**Work to be completed:** Would you print the lines below exactly, beginning at the line that has "Westfork Plaza &" and stopping after the line that has "DIN A5 frame for papers CBZ 082"? Only those lines, and no pictures.

**Extracted information:**
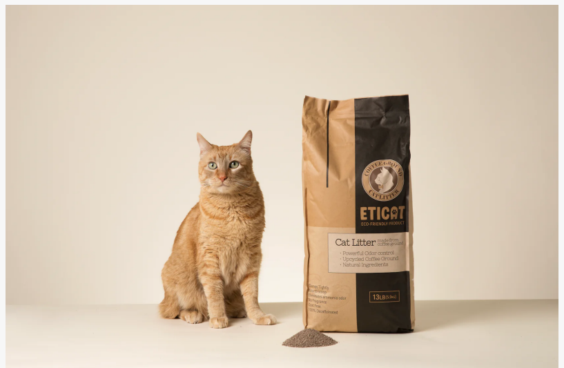
Promotional image of Eticat
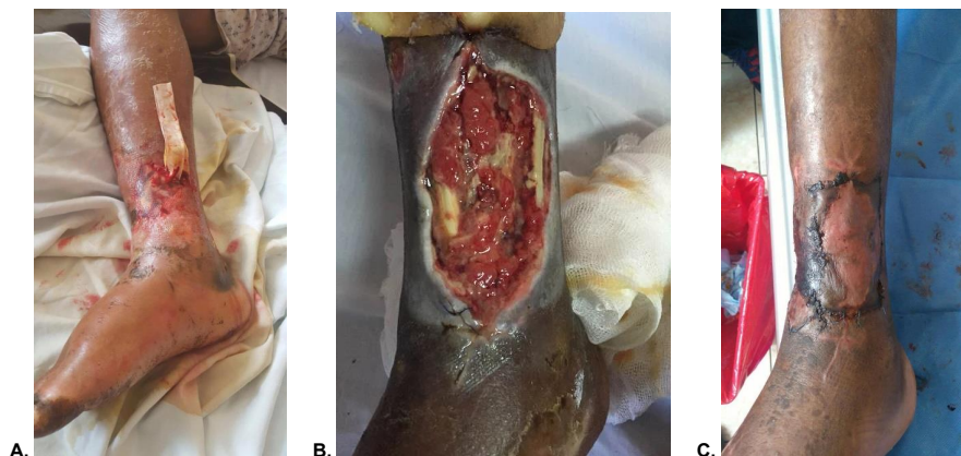
Image 1. Progressive treatment of extensive myonecrosis in snakebite victim. A. 10 days after bite with drain insert into abscess. B. Two weeks after bite and extensive debridement. C. Status post graft hospital day 50.

Our patient was geographically isolated and spent days receiving shamanistic care. These are common barriers for those living in remote rainforest communities that prevent prompt definitive care of snakebites. Approximately half of those bitten in Latin American countries will be treated first
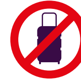
HARD SIDED CONTAINERS /BAGS
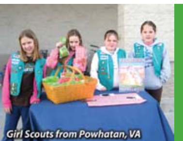
Girl Scouts from Powhatan, VA
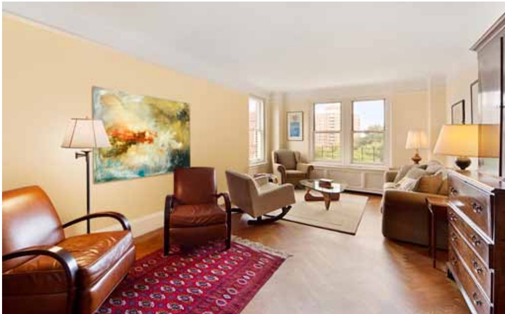
The light-filled corner living room is large enough for two seating areas.
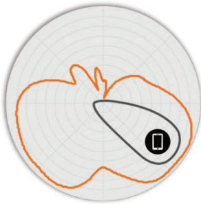
Figure 5. T670 2.4GHz Elevation Antenna Patterns
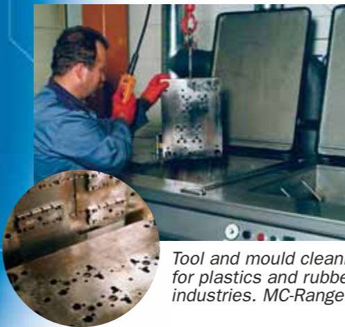
Tool and mould cleaning for plastics and rubber industries. MC-Range.
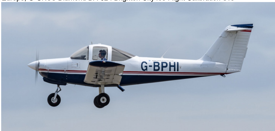
G-BPHI Piper PA-38 Tomahawk 29/06

30/06 N842VV Cirrus SR22T f/t Birmingham, 2-NGUT Diamond DA62 f/t Oxford TwinStar4Hire Ltd, CS-PHH Embraer Phenom 300 f Brescia Avignon Provence NetJets Europe, G-GNSS Diamond DA-62 f Brighton City n/s Flight Calibration Svs
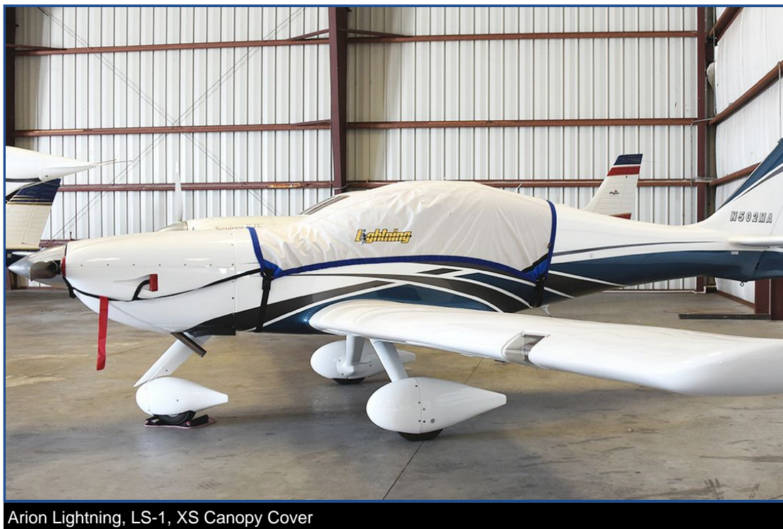
Arion Lightning, LS-1, XS Canopy Cover
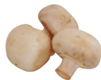
Mushrooms, 60 g
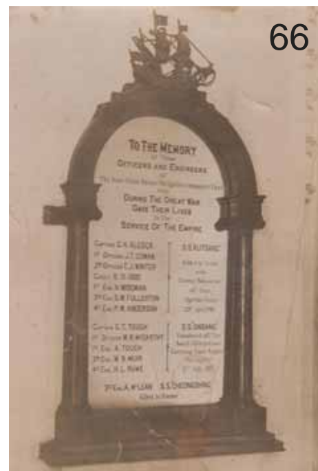
Mystery 66

Featured in Bulletin 102, and shown again below, Mystery 66 is a war memorial commemorating the fallen from the Indo-China Steam Navigation Company. It was previously thought that the company was based in the Newcastle area. Research by a supporter indicates that the company was based in Hong Kong and it does not appear the memorial is connected to Newcastle-upon-Tyne. Any further information from others would be welcome.
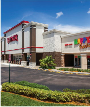
Westfork Plaza & Paraiso Parc 388,557 sf | Pembroke Pines, FL

Global trends are changing the way commercial real estate is leveraged in business today. Our clients depend on Cushman & Wakefield's Retail platform and capabilities, research and insights, and expert leadership across major markets worldwide. We believe increased business complexities generate fresh opportunities for innovation and new ideas to create what's next for our investors.
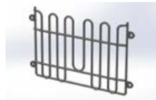
DIN A5 frame for papers CBZ 082
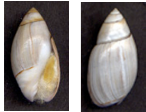
Open Coast beach, Mukkaw Bay, Neah Bay, Clallam Co., Washington. Specimens are 32 and 35 mm. G. P. Holm collector.
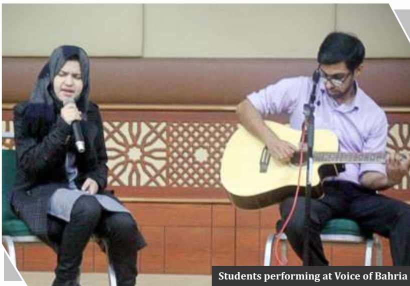
Students performing at Voice of Bahria
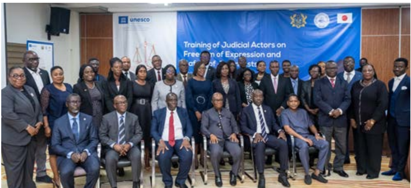
Dignitaries together with trained judges.

international and regional standards on freedom of expression, access to information and the safety of journalists in over 150 countries around the world. Over 23,000 judicial actors, including judges, prosecutors, and lawyers, have been trained on these issues, notably through a series of Massive Open Online Courses (MOOCs), on-the-ground training and workshops for Supreme Court judges, and the publications of toolkits and guidelines.
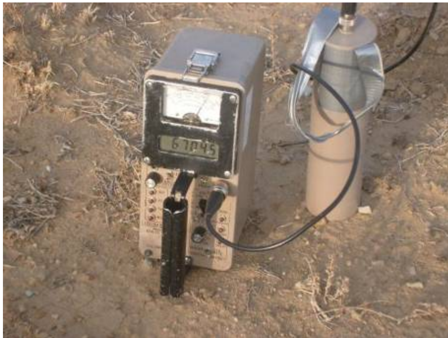
Photo 4. Reading taken at hot area around southwest corner of site

**Your response:**
Westfork Plaza & Paraiso Parc 388,557 sf | Pembroke Pines, FL

Global trends are changing the way commercial real estate is leveraged in business today. Our clients depend on Cushman & Wakefield's Retail platform and capabilities, research and insights, and expert leadership across major markets worldwide. We believe increased business complexities generate fresh opportunities for innovation and new ideas to create what's next for our investors.
DIN A5 frame for papers CBZ 082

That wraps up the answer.